End-to-end example (ontology 13 — Food)

# 1. Filter DBpedia by ontology classes and properties (Spark; writes a part-file directory)
uv run resources/text2kgbench/generate_refac.py \
  file://./data/dbpedia-multi-source-kg-data/selected.nt.bz2 \
  ./data/text2kgbench/subgraphs \
  ./data/text2kgbench/kgpipe-ontologies/dbpedia_webnlg/13_food_ontology.ttl

# 1b.

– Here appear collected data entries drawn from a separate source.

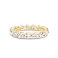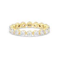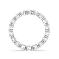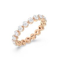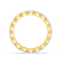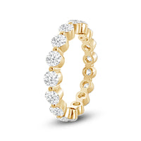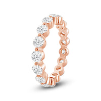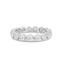 The sophisticated simplicity of this eternity ring makes it worthy to be a part of your jewelry collection. Indulge in the bountiful brilliance of the round diamonds spaced by single prongs. The scalloped bezel links that make up the band add to the alluring charm of this ring.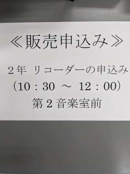 また、校内で販売業者による2年生のリコーダーの申込みも行いますので、2年生の保護者の方は、そちらもお願いいたします。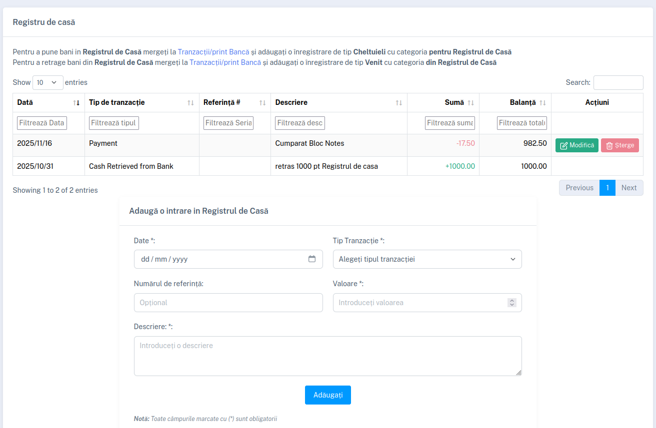 Permite managementul unui Registru de casă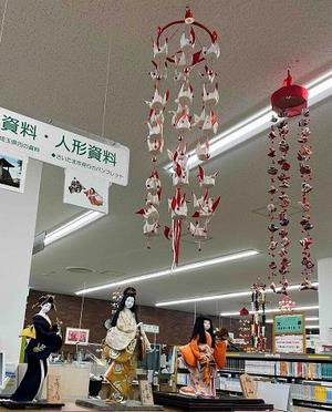 子どもへの健やかな成長の願いを込めて作られる、彩り鮮やかな「つるし雛」を図書館内に飾ります。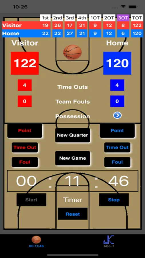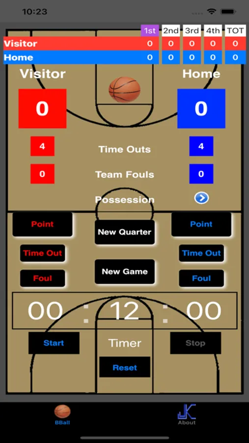 Ever needed a score keeper for your basketball game? Well look no further as this app will keep track of both teams score, number of team fouls, and even who's possession it currently is.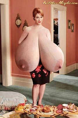 Breasts expansion morph samples of Christina Hendricks flopping out her big tits on Mad Men.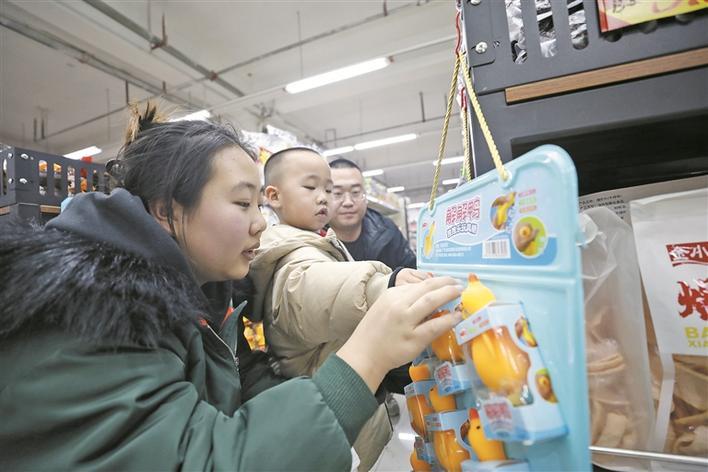 闫晓宇和丈夫带着孩子在超市购物(摄于2024年12月31日)。收入稳定的闫晓宇能消费、愿消费、敢消费。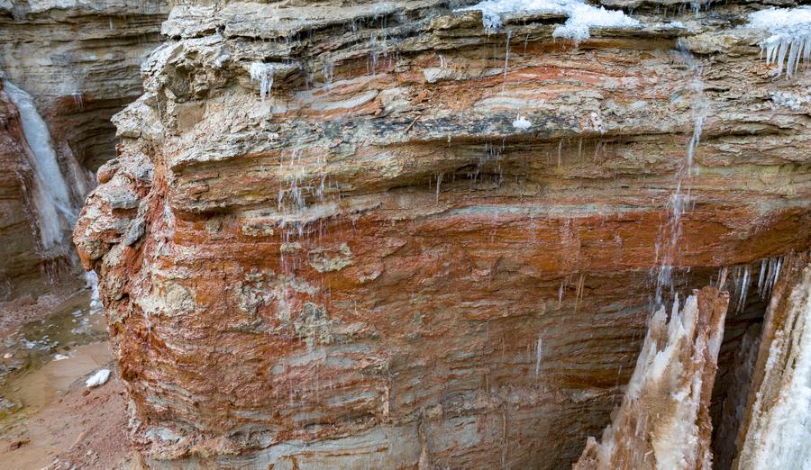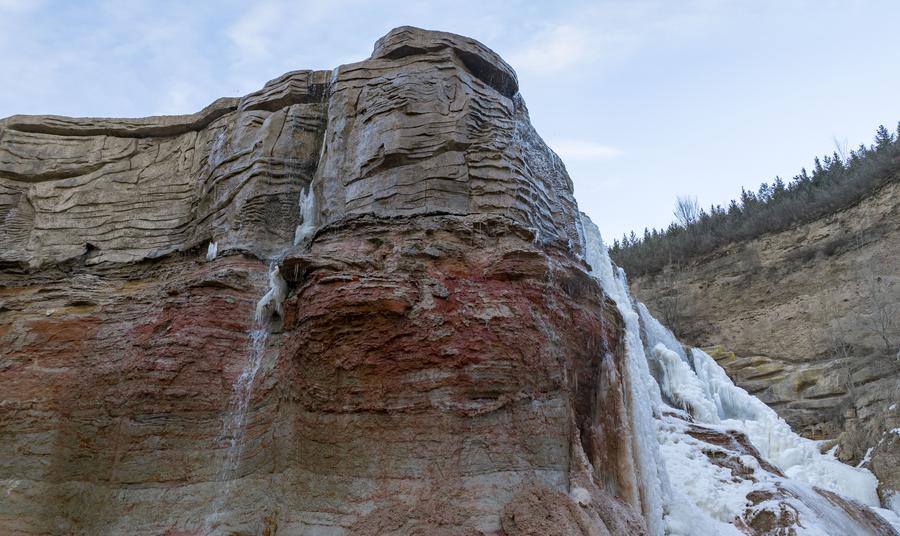 GUYUAN, Feb. 22 (Xinhua) --As the temperature rises, melting ice adds a unique charm to the Ruhe waterfall in Pengyang County, Guyuan City of northwest China's Ningxia Hui Autonomous Region.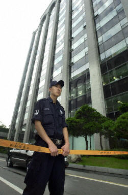 韓國現代集團峨山公司董事長鄭夢憲在漢城市中心的辦公樓自殺現場。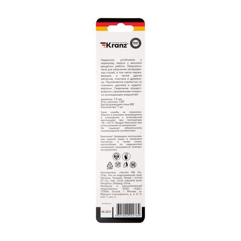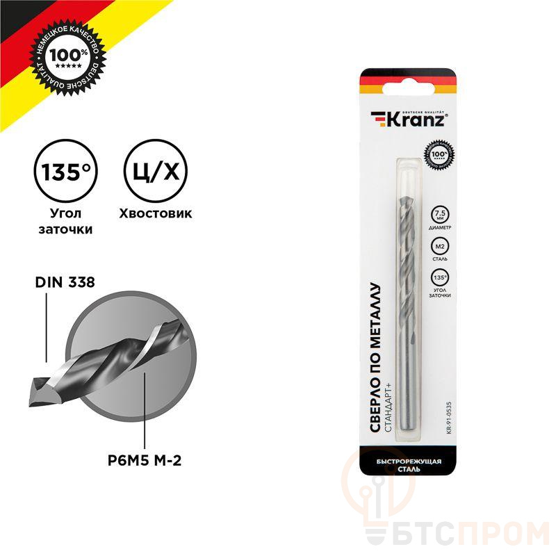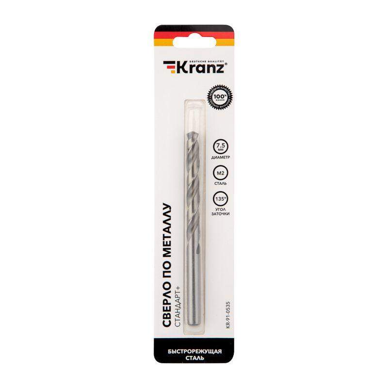 Сверло по металлу KRANZ изготовлено по стандарту DIN 338 и используется для сверления отверстий в таких материалах, как сталь, чугун, нержавеющая сталь, цветные металлы и пластик. Применяется совместно с дрелями, шуруповертами и станками с цилиндрическим типом крепления. Изделие выполнено из качественной стали М2 (Р6М5), что обеспечивает высокую производительность, а также препятствует быстрому перегреву во время использования. Режущая часть инструмента заточена под углом 135 градусов, что способствует более эффективному проникновению в материал, уменьшая износ сверла. Благодяря вышлифованному профилю сверло сохраняет точное положение во время сверления, благодаря чему создаваемые отверстия приобретают ровную и аккуратную форму. Ресурс использования инструмента заметно увеличивается при использовании смазочно-охлаждающих жидкостей.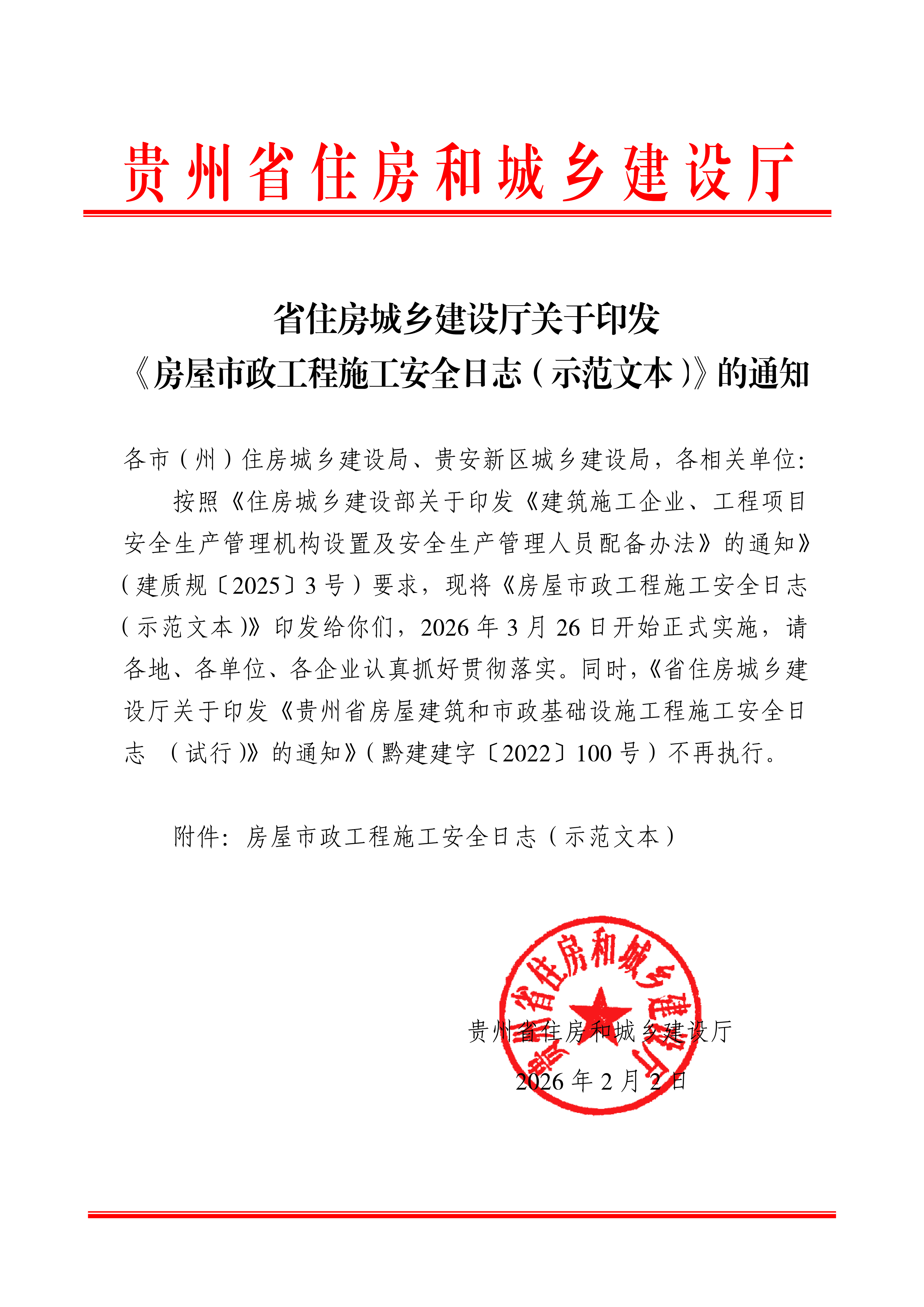省住房城乡建设厅关于印发《房屋市政工程施工安全日志(示范文本)》的通知

Merge Spark part files into one NT for the in-memory engine (optional @en filter)
cat ./data/text2kgbench/subgraphs/ont_13_subgraph/property_filter/* \
  | grep -Pv '@(?!en\b)[a-z]+' \
  > ./data/text2kgbench/subgraphs/ont_13_subgraph/property_filter.nt

# 2. Extract reachable subgraph from dbo:Food
uv run resources/text2kgbench/subgraph.py \
  ./data/text2kgbench/subgraphs/ont_13_subgraph/property_filter.nt \
  ./data/text2kgbench/subgraphs/ont_13_subgraph/reachable.nt \
  --root-class dbo:Food \
  --engine memory

# 3. Build four overlapping splits
uv run resources/text2kgbench/splits.py \
  ./data/text2kgbench/subgraphs/ont_13_subgraph/reachable.nt \
  ./data/text2kgbench/splits/ont_13_food \
  --main-class dbo:Food \
  --subset-size 2500 \
  --engine memory

# 4. Generate shaded seed and RDF sources
uv run resources/text2kgbench/sources.py \
  ./data/text2kgbench/splits/ont_13_food

Running on a Spark cluster

For large DBpedia dumps, run generate_refac.py via spark-submit. Build wheels and dependencies for Python 3.10 (the default in the project Spark image), even if local development uses 3.12:

SPARK_PYTHON=3.10

uv build --python $SPARK_PYTHON

uv export --format requirements.txt --no-dev --no-hashes \
  --prune pyspark --no-emit-package pyodibel --python $SPARK_PYTHON \
  -o /tmp/spark-deps.txt
uv pip install --python $SPARK_PYTHON --target dist/deps --python-version 3.10 \
  -r /tmp/spark-deps.txt
cd dist/deps && zip -r ../deps.zip . && cd ../..
spark-submit \
  --master yarn \
  --py-files dist/pyodibel-0.1.0-py3-none-any.whl,dist/deps.zip \
  --driver-memory 8g \
  --executor-memory 16g \
  resources/text2kgbench/generate_refac.py \
  hdfs:///path/to/selected.nt.bz2 \
  hdfs:///path/to/subgraphs \
  hdfs:///path/to/13_food_ontology.ttl

Use --engine spark on subgraph.py and splits.py when the intermediate graphs are too large for in-memory processing.

Environment variables

Scripts accept paths via CLI arguments or a .env file in resources/text2kgbench/:

Variable Used by
INPUT_PATH generate_refac.py, subgraph.py, splits.py
OUTPUT_PATH generate_refac.py, subgraph.py, splits.py, sources.py
ROOT_CLASS subgraph.py
MAIN_CLASS splits.py
SUBSET_SIZE splits.py
SPLITS_DIR sources.py
  • sampling.py: optional downsampling of an NT file while preserving class/degree or relation distributions. Use when a reachable subgraph is still too large before splitting.
  • crawl.py: fetches web resources for source acquisition (separate from the RDF pipeline above).

Further cluster-specific notes are in resources/text2kgbench/athena-ops/README.md.